Us bank stocks may overheat as the earnings season approaches

市場資訊 ·  Oct 11, 2021 01:06

Bank stocks have been one of the best stocks in 2021, and analysts expect the industry to show continued strength as third-quarter results begin. The problem with bank stocks, however, is that they may have overheated.

The KBW bank index surged nearly 40% in 2021, more than double the 17% rise in the s & p 500. As investors keep buying lenders, there is growing expectation that the US economic recovery will spur the Fed to downsize and eventually start raising interest rates.

Matt O'Connor, an analyst at Deutsche Bank, wrote in a note to clients on Sept. 30: "given that most people believe that the overall macroeconomic outlook is good, and the prospect of higher interest rates and faster loan growth, it is difficult to be too negative to the banks."

That expectation reached its best after the FOMC's policy decision on September 22nd, when Jerome Powell, chairman, said the central bank might soon begin its long-awaited contraction, while the latest bitmap shows that nine out of 18 Fed officials expect to raise interest rates at least once by the end of next year.
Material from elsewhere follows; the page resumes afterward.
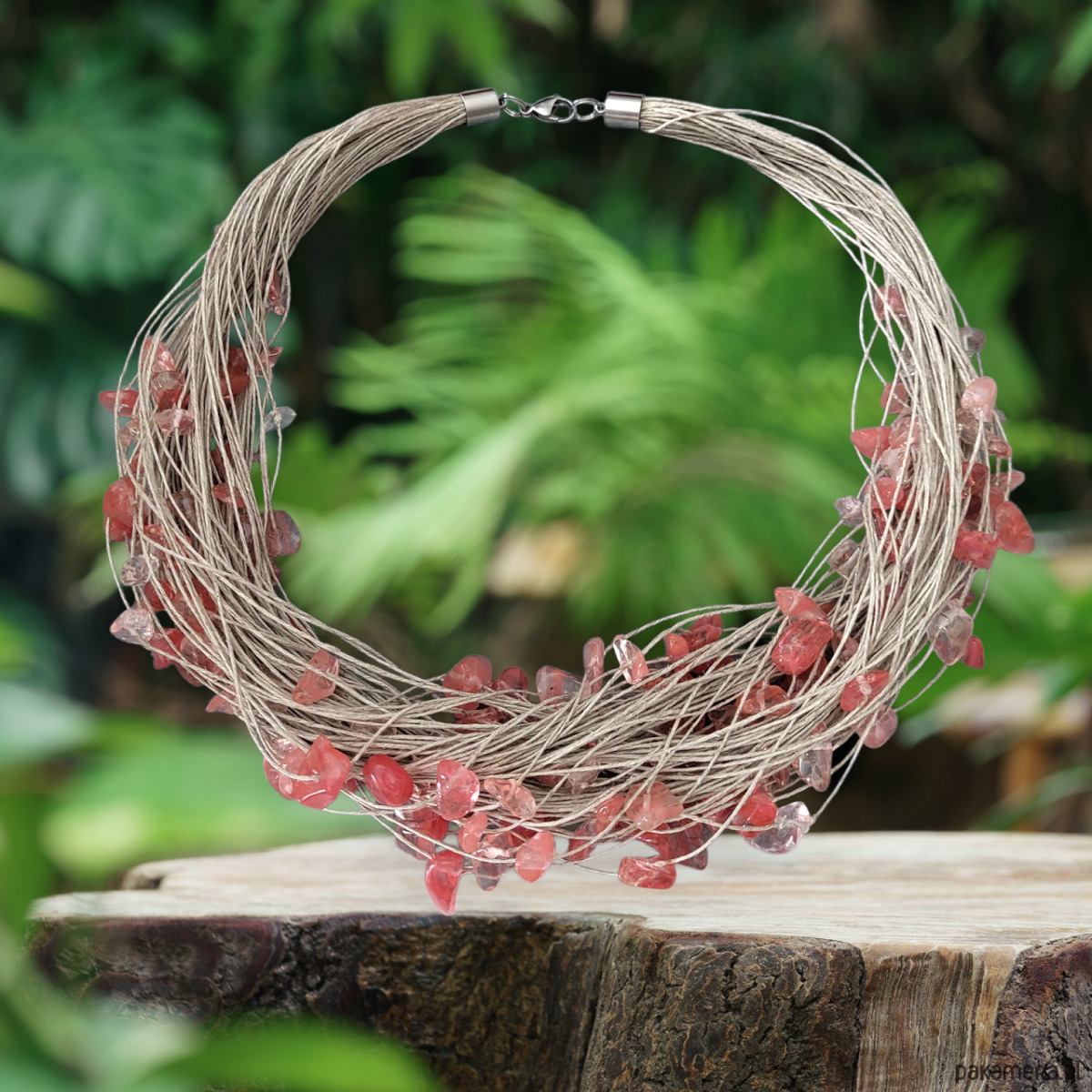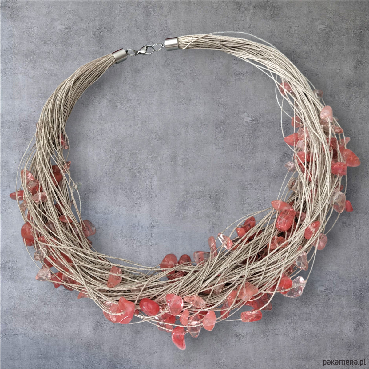 Naszyjnik wykonany z wyprodukowanego w Polsce, wysokogatunkowego lnu w kolorze naturalnym oraz z dużej ilości bryłek kwarcu arbuziego. Stosowane przez nas nici lniane są nabłyszczane, co oznacza, że mają powłokę, która sprawia, że nić jest sztywniejsza, wytrzymalsza oraz nie absorbuje tak wody. Naszyjnik został wykończony elementami metalowymi ze stali szlachetnej a zapinany jest na karabińczyk.

Since then, all 24 members of the KBW banking index have risen at least 4.6 per cent, of which 3/4 have risen by 10 per cent or more.
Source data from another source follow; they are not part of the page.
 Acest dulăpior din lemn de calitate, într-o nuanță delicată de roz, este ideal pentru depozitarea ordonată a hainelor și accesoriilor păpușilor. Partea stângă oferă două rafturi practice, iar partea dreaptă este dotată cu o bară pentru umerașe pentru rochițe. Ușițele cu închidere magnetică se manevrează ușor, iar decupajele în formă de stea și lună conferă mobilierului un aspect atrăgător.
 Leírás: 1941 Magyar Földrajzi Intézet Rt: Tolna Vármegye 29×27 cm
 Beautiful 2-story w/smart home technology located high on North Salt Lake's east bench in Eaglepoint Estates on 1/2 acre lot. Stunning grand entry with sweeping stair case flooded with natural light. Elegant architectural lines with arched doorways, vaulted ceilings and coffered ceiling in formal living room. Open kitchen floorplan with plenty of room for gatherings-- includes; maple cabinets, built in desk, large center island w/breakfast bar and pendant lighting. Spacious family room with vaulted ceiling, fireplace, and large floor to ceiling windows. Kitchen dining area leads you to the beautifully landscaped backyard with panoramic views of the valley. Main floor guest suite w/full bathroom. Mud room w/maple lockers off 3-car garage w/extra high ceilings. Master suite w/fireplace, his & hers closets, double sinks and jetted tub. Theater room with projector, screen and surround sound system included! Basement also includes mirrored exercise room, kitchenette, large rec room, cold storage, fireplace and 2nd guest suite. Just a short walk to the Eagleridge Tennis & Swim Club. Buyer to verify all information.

Despite the strong performance of banks in the first nine months of the year, the bullish outlook of many analysts has not been shaken, arguing that the current environment is suitable for these stocks to continue to grow. In September, analysts will put the entire Bank of America CorporationThe industry raised its holdings to increase, saying inflection points in loan growth, higher interest rates and reallocation of cash should boost earnings.
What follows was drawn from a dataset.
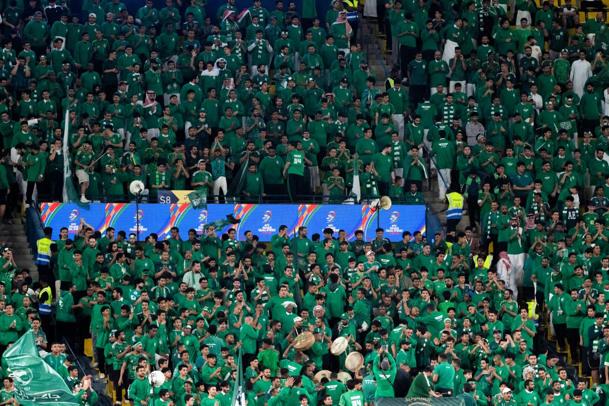 جمهور السعودية خلال لقاء الصين (أ ف ب)

Royal Bank of CanadaGerald Cassidy, a capital markets analyst, expressed this view, saying that unless there is a double-dip recession, bank stocks should continue to rise next year. "investors who think the economy will continue to expand, especially if they address supply chain disruptions and rebuild inventories, should consider holding bank shares," he said.

Not everyone agrees with this view. In fact, the current debate on Wall Street is whether bank pricing is close to its peak.

"Big American banks have a lot of trading volume," said James Fotheringham, an analyst at BMO Capital Markets, who advises investors to seek profit-taking because JPMorgan Chase & CoAnd Bank of America Corporation's share price soared above the historical average.

Morgan StanleyShare prices have also come under fire recently after surging nearly 54 per cent in late August. The bank had a series of downgrades at the end of last month, and analysts at Oppenheimer and Bellenberg cited valuation concerns as the reason for the downgrade.